Cool VL Viewer forum

View unanswered posts | View active topics It is currently 2022-10-06 08:19:12



Reply to topic  [ 9 posts ] 
Improving LLVCacheLRU::updateScores() with OpenMP 
Author Message

Joined: 2011-10-07 10:39:20
Posts: 155
Reply with quote
Hi Henri,

i ran the Visual Studio Profiler on a viewer run and found that updateScores() eats around 5% CPU time.

It can be parallelized quite simple with OpenMP, as illustrated below (use /openmp with VisualStudio).

Are you interested in a proper patch for this?

Code:
   void updateScores()
   {
      LLVCacheVertexData** data_iter = mCache + MaxSizeVertexCache;
      LLVCacheVertexData** end_data = mCache + MaxSizeVertexCache + 3;

      while (data_iter != end_data)
      {
         LLVCacheVertexData* data = *data_iter++;
         // Trailing 3 vertices aren't actually in the cache for scoring
         // purposes
         if (data)
         {
            data->mCacheTag = -1;
         }
      }

      data_iter = mCache;
      end_data = mCache + MaxSizeVertexCache;

      while (data_iter != end_data)
      {
         // Update scores of vertices in cache
         LLVCacheVertexData* data = *data_iter++;
         if (data)
         {
            data->mScore = find_vertex_score(*data);
         }
      }

      mBestTriangle = NULL;
      // Update triangle scores
      data_iter = mCache;
      end_data = mCache + MaxSizeVertexCache + 3;

      
      #pragma omp parallel
      {
         LLVCacheTriangleData* threadBestTriangle = NULL;

         while (data_iter != end_data)
         {
            LLVCacheVertexData* data = *data_iter++;
            if (data)
            {
               int64_t pos = 0;
               int64_t end = data->mTriangles.size();
               #pragma omp for
               for (pos = 0; pos < end; pos++)
               {
                  LLVCacheTriangleData* tri = data->mTriangles[pos];
                  if (tri && tri->mActive &&
                     tri->mVertex[0] && tri->mVertex[1] && tri->mVertex[2])
                  {
                     tri->mScore = tri->mVertex[0]->mScore;
                     tri->mScore += tri->mVertex[1]->mScore;
                     tri->mScore += tri->mVertex[2]->mScore;

                     if (!threadBestTriangle ||
                        threadBestTriangle->mScore < tri->mScore)
                     {
                        threadBestTriangle = tri;
                     }
                  }
               }
            }
         }
         
         // find global maximum
         #pragma omp critical
         {
            if (!mBestTriangle || mBestTriangle->mScore < threadBestTriangle->mScore) {
               mBestTriangle = threadBestTriangle;
            }
         }


      }
      // Knock trailing 3 vertices off the cache
      data_iter = mCache + MaxSizeVertexCache;
      end_data = mCache + MaxSizeVertexCache + 3;
      while (data_iter != end_data)
      {
         LLVCacheVertexData* data = *data_iter;
         if (data)
         {
            llassert(data->mCacheTag == -1);
            *data_iter = NULL;
         }
         ++data_iter;
      }
   }
};


2020-10-03 14:30:25
Profile

Joined: 2009-03-17 18:42:51
Posts: 5022
Reply with quote
kathrine wrote:
i ran the Visual Studio Profiler on a viewer run and found that updateScores() eats around 5% CPU time.
Wow !... :shock: It's pretty... surprising.
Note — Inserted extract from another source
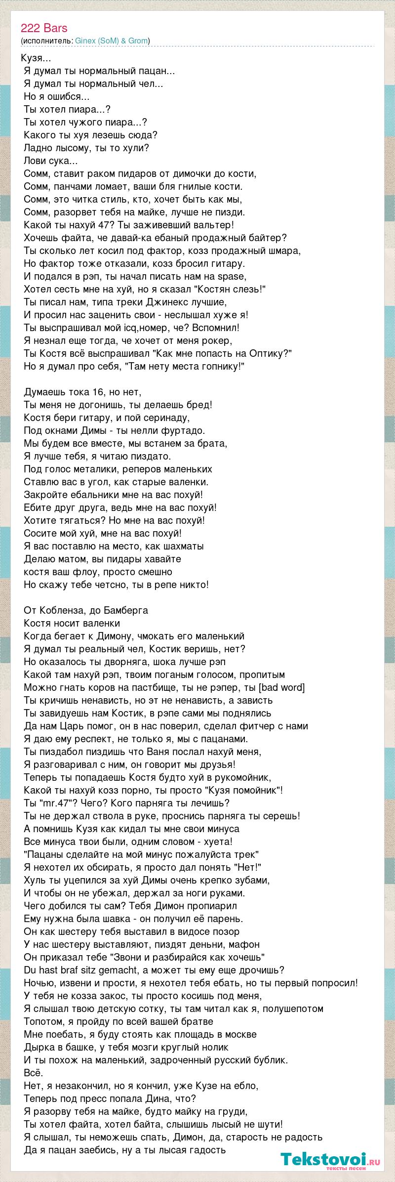 Кузя... Я думал ты нормальный пацан... Я думал ты нормальный чел... Но я ошибся... Ты хотел пиара...? Ты хотел чужого пиара...? Какого ты хуя лезешь сюда? Ладно лысому, ты то хули? Лови сука... Сомм, ставит раком пидаров от димочки до кости, Сомм, панчами ломает, ваши бля гнилые кости. Сомм, это читка стиль, кто, хочет быть как мы, Сомм, разорвет тебя на майке, лучше не пизди. Какой ты нахуй 47? Ты заживевший вальтер! Хочешь файта, че давай-ка ебаный продажный байтер? Ты сколько лет косил под фактор, козз продажный шмара, Но фактор тоже отказали, козз бросил гитару. И подался в рэп, ты начал писать нам на spase, Хотел сесть мне на хуй, но я сказал "Костян слезь!" Ты писал нам, типа треки Джинекс лучшие, И просил нас заценить свои - неслышал хуже я! Ты выспрашивал мой icq,номер, че? Вспомнил! Я незнал еще тогда, че хочет от меня рокер, Ты Костя всё выспрашивал "Как мне попасть на Оптику?" Но я думал про себя, "Там нету места гопнику!" Думаешь тока 16, но нет, Ты меня не догонишь, ты делаешь бред! Костя бери гитару, и пой серинаду, Под окнами Димы - ты нелли фуртадо. Мы будем все вместе, мы встанем за брата, Я лучше тебя, я читаю пиздато. Под голос металики, реперов маленьких Ставлю вас в угол, как старые валенки. Закройте ебальники мне на вас похуй! Ебите друг друга, ведь мне на вас похуй! Хотите тягаться? Но мне на вас похуй! Сосите мой хуй, мне на вас похуй! Я вас поставлю на место, как шахматы Делаю матом, вы пидары хавайте костя ваш флоу, просто смешно Но скажу тебе четсно, ты в репе никто! От Кобленза, до Бамберга Костя носит валенки Когда бегает к Димону, чмокать его маленький Я думал ты реальный чел, Костик веришь, нет? Но оказалось ты дворняга, шока лучше рэп Какой там нахуй рэп, твоим поганым голосом, пропитым Можно гнать коров на пастбище, ты не рэпер, ты [bad word] Ты кричишь ненависть, но эт не ненависть, а зависть Ты завидуешь нам Костик, в рэпе сами мы поднялись Да нам Царь помог, он в нас поверил, сделал фитчер с нами Я даю ему респект, не только я, мы с пацанами. Ты пиздабол пиздишь что Ваня послал нахуй меня, Я разговаривал с ним, он говорит мы друзья! Теперь ты попадаешь Костя будто хуй в рукомойник, Какой ты нахуй козз порно, ты просто "Кузя помойник"! Ты "mr.47"? Чего? Кого парняга ты лечишь? Ты не держал ствола в руке, проснись парняга ты серешь! А помнишь Кузя как кидал ты мне свои минуса Все минуса твои были, одним словом - хуета! "Пацаны сделайте на мой минус пожалуйста трек" Я нехотел их обсирать, я просто дал понять "Нет!" Хуль ты уцепился за хуй Димы очень крепко зубами, И чтобы он не убежал, держал за ноги руками. Чего добился ты сам? Тебя Димон пропиарил Ему нужна была шавка - он получил её парень. Он как шестеру тебя выставил в видосе позор У нас шестеру выставляют, пиздят деньни, мафон Он приказал тебе "Звони и разбирайся как хочешь" Du hast braf sitz gemacht, а может ты ему еще дрочишь? Ночью, извени и прости, я нехотел тебя ебать, но ты первый попросил! У тебя не козза закос, ты просто косишь под меня, Я слышал твою детскую сотку, ты там читал как я, полушепотом Топотом, я пройду по всей вашей братве Мне поебать, я буду стоять как площадь в москве Дырка в башке, у тебя мозги круглый нoлик И ты похож на маленький, задроченный русский бублик. Всё. Нет, я незакончил, но я кончил, уже Кузе на ебло, Теперь под пресс попала Дина, что? Я разорву тебя на майке, будто майку на груди, Ты хотел файта, хотел байта, слышишь лысый не

I mean the mesh vertex cache optimization is supposed to be ran once per mesh LOD (whenever the latter LOD is downloaded for that mesh), so while it will definitely eat up some of the CPU processing power on rezzing (and on LOD changes, when the corresponding LODs have not yet been cached), it should not do so continuously... There's a debug setting (RenderOptimizeMeshVertexCache) that you can set to FALSE to entirely skip this vertex cache optimization code. Switching it off/on here in real time, I don't see noticeable frame rate drops...

Quote:
It can be parallelized quite simple with OpenMP, as illustrated below (use /openmp with VisualStudio).
I already experimented with OpenMP (under Linux) and the viewer in the past, but did not find interesting paths that could be optimized that way (aside from legacy clouds generation/updating, but the resulting gain is totally negligible).

Quote:
Are you interested in a proper patch for this?
Well, the code you gave here will be enough for me to give it a try, at least. The newly opened experimental branch is a good candidate for such patches. So, if you find more stuff that can be optimized via OpenMP (and does not cause crashes because of the race conditions it would introduce, which is the tricky part with OpenMP), you are welcome to post them here !


2020-10-03 14:51:26
Profile WWW

Joined: 2011-10-07 10:39:20
Posts: 155
Reply with quote
Ok, that might explain a bit.

I profiled for an hour and that part was when jumping to HBC with lots of AVs around and a clean cache, so lots of texture fetches etc.

Will have a look at some more quiet spots, but the threading optimization looks useful anyway. Its a bit sad VC only has openmp 2.0, but better than nothing for a start. Thats actually the reason for that int64_t stuff, as VC cannot simply use the iterators there.


2020-10-03 15:12:21
Profile

Joined: 2009-03-17 18:42:51
Posts: 5022
Reply with quote
OK, reusing my former OpenMP tests, I came up with the attached patch (to apply to the experimental branch sources) which should allow compiling your proposed code for Linux, Windows and even macOS (for Windows and macOS, uncomment "#set(OPENMP ON)" in indra/cmake/00-BuildOptions.cmake, and for Linux simply add the "-o" option to the buildlinux.sh command line).

Sadly, the result under Linux (with gcc 10.2.0 as the compiler) is a hanging mesh repository (it stays stuck forever when it attempts the first mesh cache optimization)...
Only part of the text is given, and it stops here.